▶ **Excerpted data**:
BEGIN

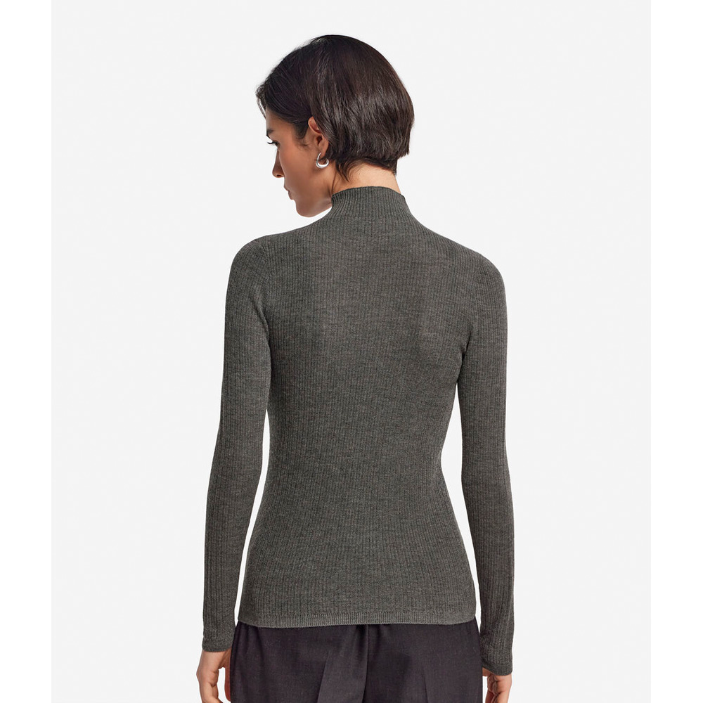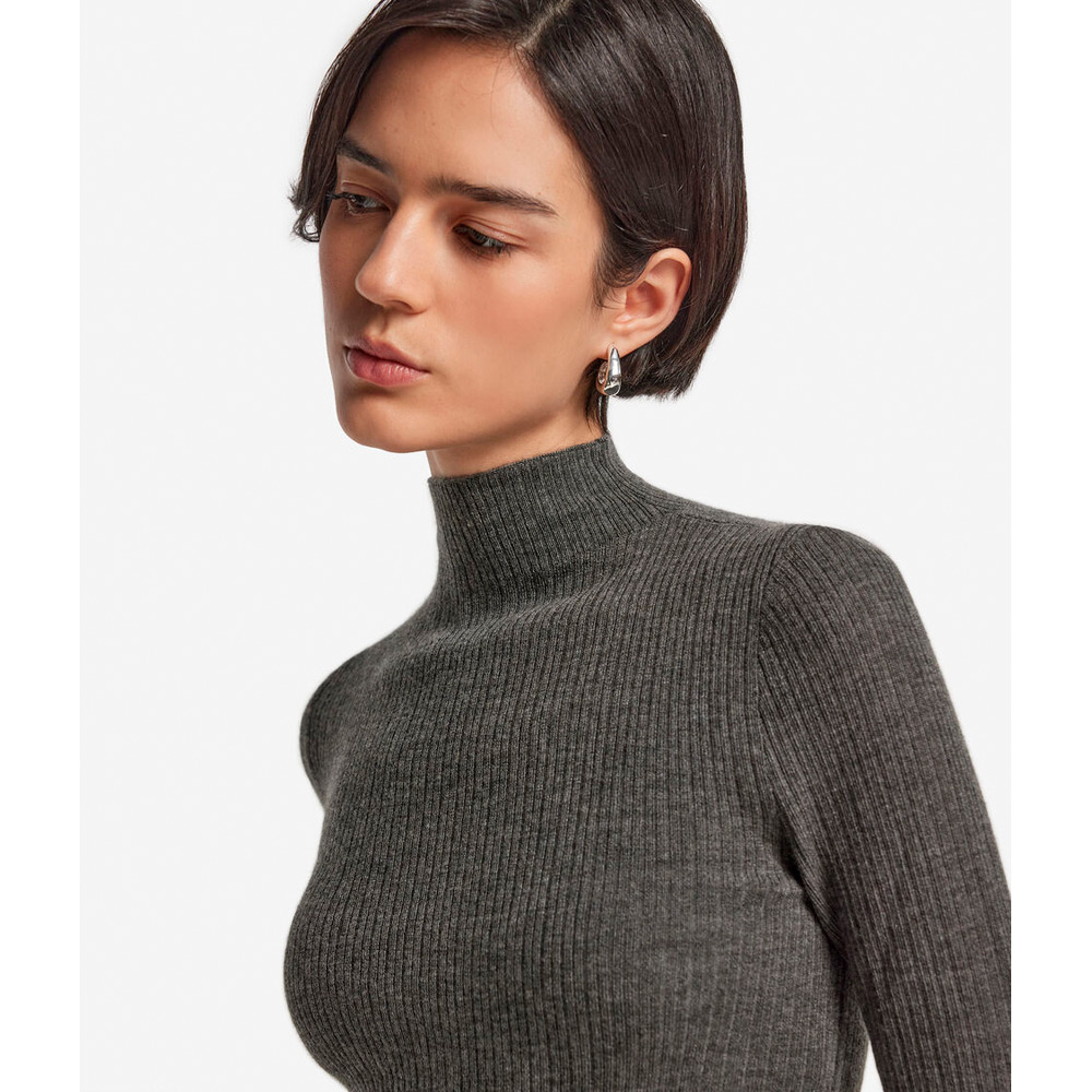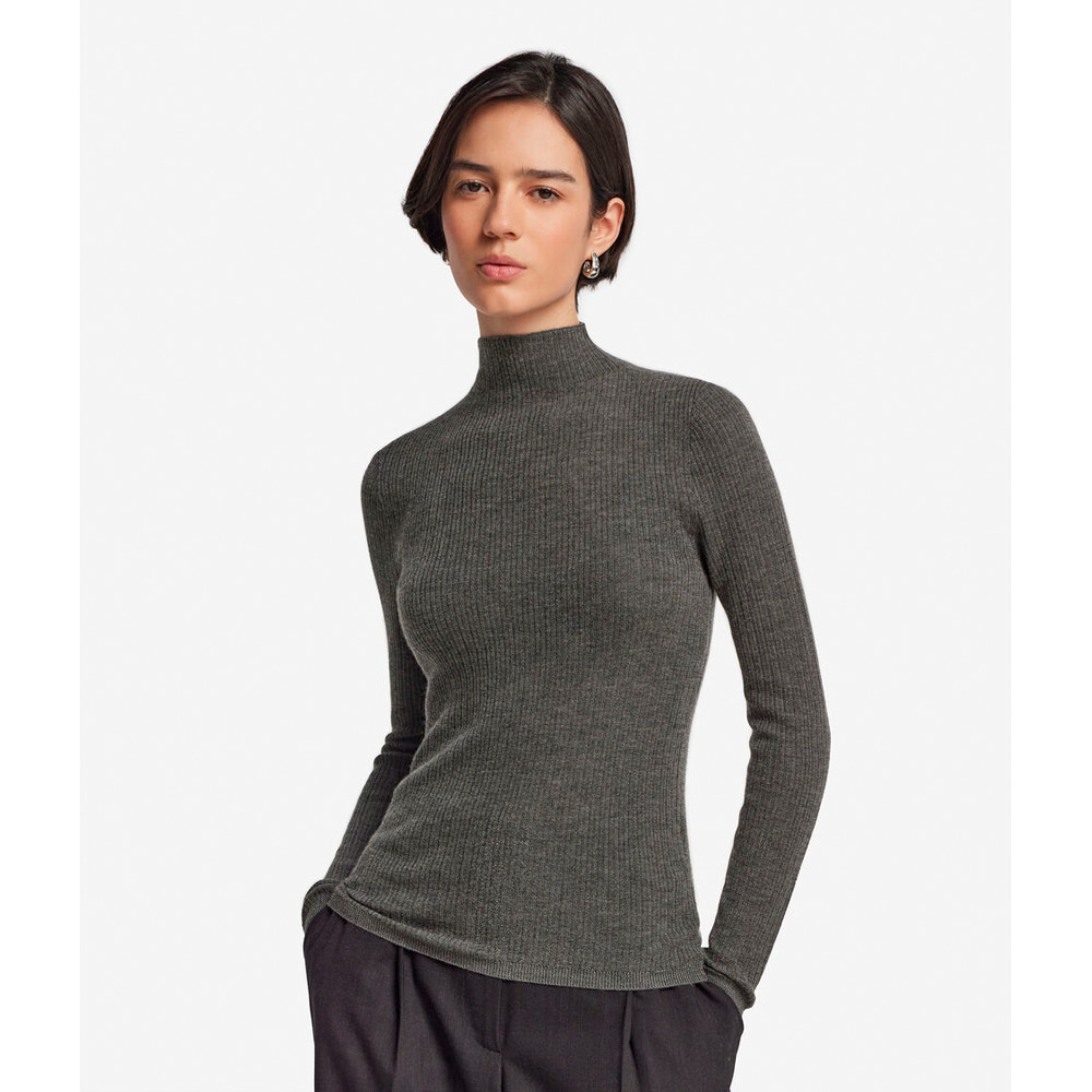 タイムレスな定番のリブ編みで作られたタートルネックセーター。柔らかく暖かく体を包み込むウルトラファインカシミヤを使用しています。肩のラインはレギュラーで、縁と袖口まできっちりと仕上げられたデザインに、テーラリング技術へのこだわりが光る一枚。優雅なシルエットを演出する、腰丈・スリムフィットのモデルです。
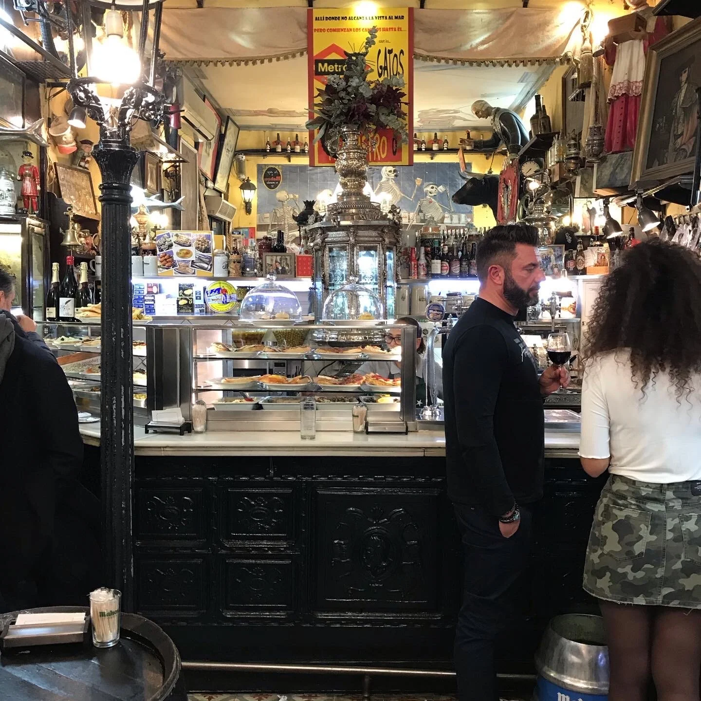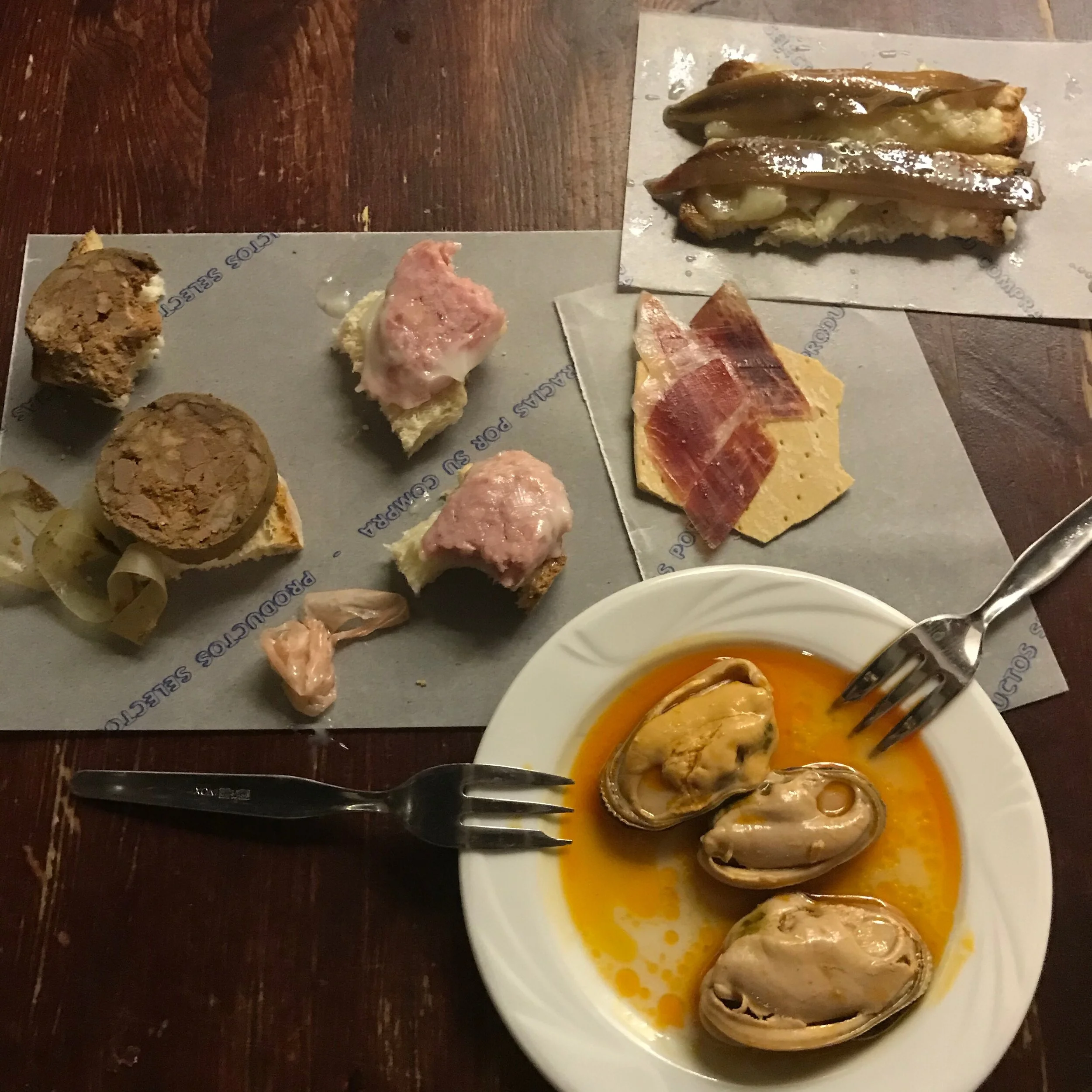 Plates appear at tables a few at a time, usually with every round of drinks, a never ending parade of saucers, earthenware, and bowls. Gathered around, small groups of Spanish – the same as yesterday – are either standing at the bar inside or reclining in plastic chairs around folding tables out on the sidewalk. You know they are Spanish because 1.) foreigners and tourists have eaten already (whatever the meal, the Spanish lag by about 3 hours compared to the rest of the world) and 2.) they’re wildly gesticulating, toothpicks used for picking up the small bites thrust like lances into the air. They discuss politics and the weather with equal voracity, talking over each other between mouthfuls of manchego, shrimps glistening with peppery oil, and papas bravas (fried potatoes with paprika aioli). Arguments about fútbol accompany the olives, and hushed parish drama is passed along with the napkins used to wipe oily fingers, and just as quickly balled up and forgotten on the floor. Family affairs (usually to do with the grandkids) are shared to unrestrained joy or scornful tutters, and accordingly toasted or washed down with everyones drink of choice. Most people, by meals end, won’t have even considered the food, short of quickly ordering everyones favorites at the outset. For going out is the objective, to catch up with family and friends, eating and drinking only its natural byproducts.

END
BEGIN

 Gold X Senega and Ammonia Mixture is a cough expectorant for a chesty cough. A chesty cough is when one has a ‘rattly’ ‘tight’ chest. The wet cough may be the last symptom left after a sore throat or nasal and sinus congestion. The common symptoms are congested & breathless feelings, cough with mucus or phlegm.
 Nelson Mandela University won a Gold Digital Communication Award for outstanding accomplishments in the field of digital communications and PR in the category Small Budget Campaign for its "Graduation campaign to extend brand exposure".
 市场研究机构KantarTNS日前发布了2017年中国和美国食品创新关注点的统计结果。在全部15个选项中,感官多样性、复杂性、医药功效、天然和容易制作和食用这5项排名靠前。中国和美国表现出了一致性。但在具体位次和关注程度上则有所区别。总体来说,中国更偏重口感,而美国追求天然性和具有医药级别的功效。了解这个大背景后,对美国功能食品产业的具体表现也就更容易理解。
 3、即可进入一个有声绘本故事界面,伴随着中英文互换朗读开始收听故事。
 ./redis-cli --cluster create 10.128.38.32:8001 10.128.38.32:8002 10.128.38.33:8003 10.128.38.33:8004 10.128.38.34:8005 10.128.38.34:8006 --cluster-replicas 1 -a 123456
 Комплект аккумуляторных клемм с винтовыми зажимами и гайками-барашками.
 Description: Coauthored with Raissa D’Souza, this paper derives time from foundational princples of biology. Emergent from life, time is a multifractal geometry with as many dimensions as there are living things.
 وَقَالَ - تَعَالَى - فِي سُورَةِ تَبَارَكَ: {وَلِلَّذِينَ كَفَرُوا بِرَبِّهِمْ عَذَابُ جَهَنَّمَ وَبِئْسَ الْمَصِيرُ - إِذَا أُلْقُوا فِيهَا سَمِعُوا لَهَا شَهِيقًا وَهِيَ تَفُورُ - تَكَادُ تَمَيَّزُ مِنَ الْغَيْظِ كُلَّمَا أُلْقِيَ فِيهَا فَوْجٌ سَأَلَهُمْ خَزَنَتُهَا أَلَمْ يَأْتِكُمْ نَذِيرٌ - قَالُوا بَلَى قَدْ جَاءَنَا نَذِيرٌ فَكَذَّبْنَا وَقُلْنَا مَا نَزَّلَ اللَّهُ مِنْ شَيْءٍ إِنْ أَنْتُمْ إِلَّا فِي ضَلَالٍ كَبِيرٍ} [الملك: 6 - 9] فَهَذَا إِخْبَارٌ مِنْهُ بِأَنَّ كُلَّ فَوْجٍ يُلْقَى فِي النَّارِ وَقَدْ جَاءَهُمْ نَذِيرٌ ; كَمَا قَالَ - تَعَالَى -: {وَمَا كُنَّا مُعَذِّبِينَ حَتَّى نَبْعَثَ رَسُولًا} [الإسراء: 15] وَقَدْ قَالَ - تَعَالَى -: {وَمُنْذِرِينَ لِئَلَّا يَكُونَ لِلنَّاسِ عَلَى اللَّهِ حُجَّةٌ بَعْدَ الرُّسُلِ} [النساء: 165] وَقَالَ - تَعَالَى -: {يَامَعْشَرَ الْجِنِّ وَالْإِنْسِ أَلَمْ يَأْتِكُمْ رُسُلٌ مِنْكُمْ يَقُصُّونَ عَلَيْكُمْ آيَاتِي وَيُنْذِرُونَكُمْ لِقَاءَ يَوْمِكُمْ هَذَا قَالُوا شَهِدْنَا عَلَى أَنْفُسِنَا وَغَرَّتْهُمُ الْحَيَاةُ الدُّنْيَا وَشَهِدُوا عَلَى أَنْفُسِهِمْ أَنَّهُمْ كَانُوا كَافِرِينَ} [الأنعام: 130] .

END
BEGIN

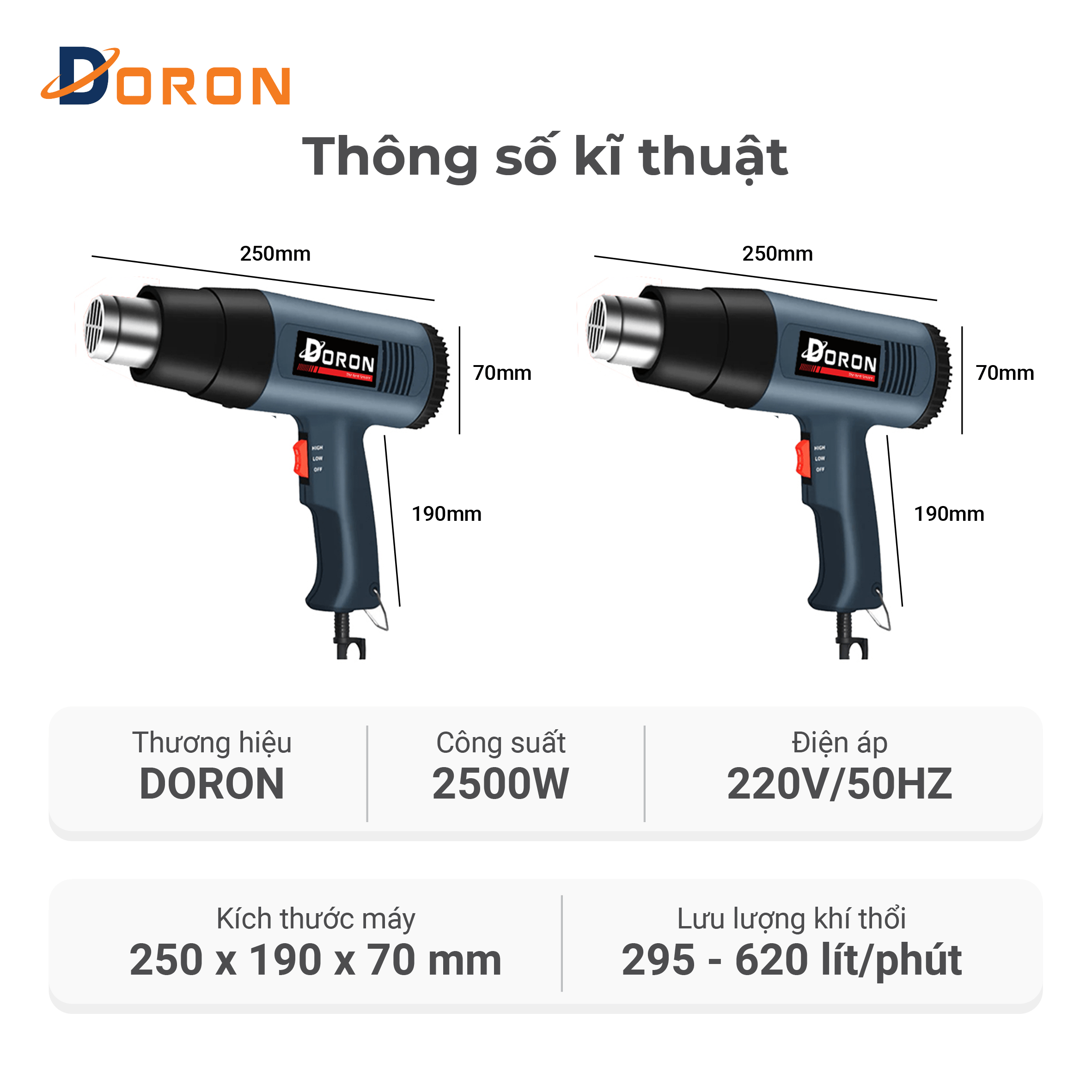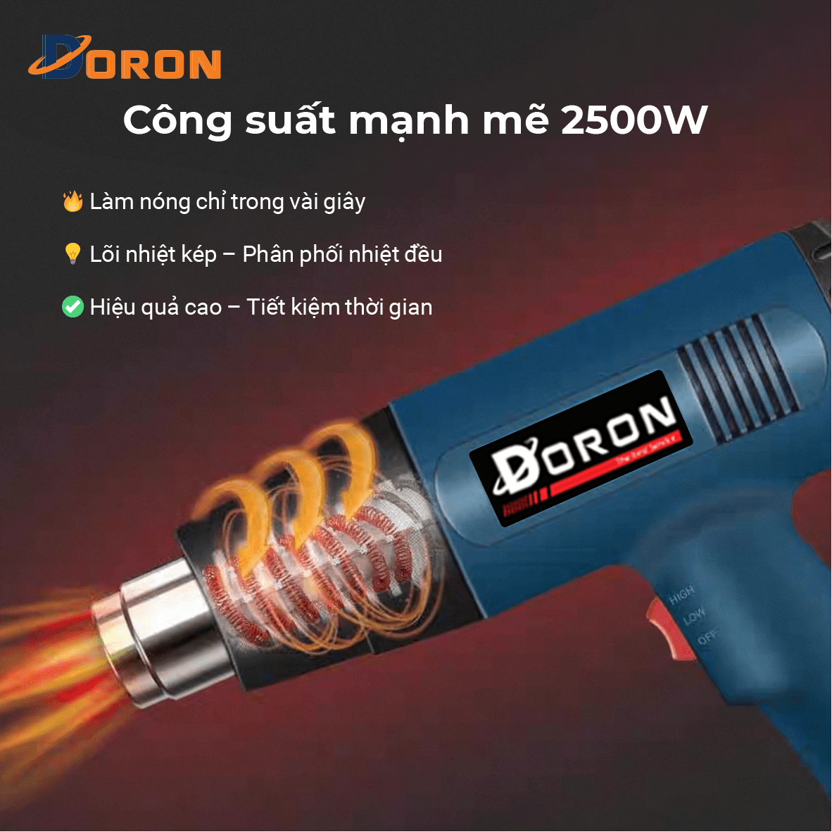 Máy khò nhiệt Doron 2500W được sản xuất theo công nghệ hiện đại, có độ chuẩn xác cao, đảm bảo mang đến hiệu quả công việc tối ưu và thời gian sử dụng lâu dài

END

▶ **Exercise requirements**:
Reproduce exactly the stretch of the material above that starts at the line with "1 -a 123456" and ends at the line with "Description: Coauthored with", both included, and nothing else.

▶ **Result of the task**:
 ./redis-cli --cluster create 10.128.38.32:8001 10.128.38.32:8002 10.128.38.33:8003 10.128.38.33:8004 10.128.38.34:8005 10.128.38.34:8006 --cluster-replicas 1 -a 123456
 Комплект аккумуляторных клемм с винтовыми зажимами и гайками-барашками.
 Description: Coauthored with Raissa D’Souza, this paper derives time from foundational princples of biology. Emergent from life, time is a multifractal geometry with as many dimensions as there are living things.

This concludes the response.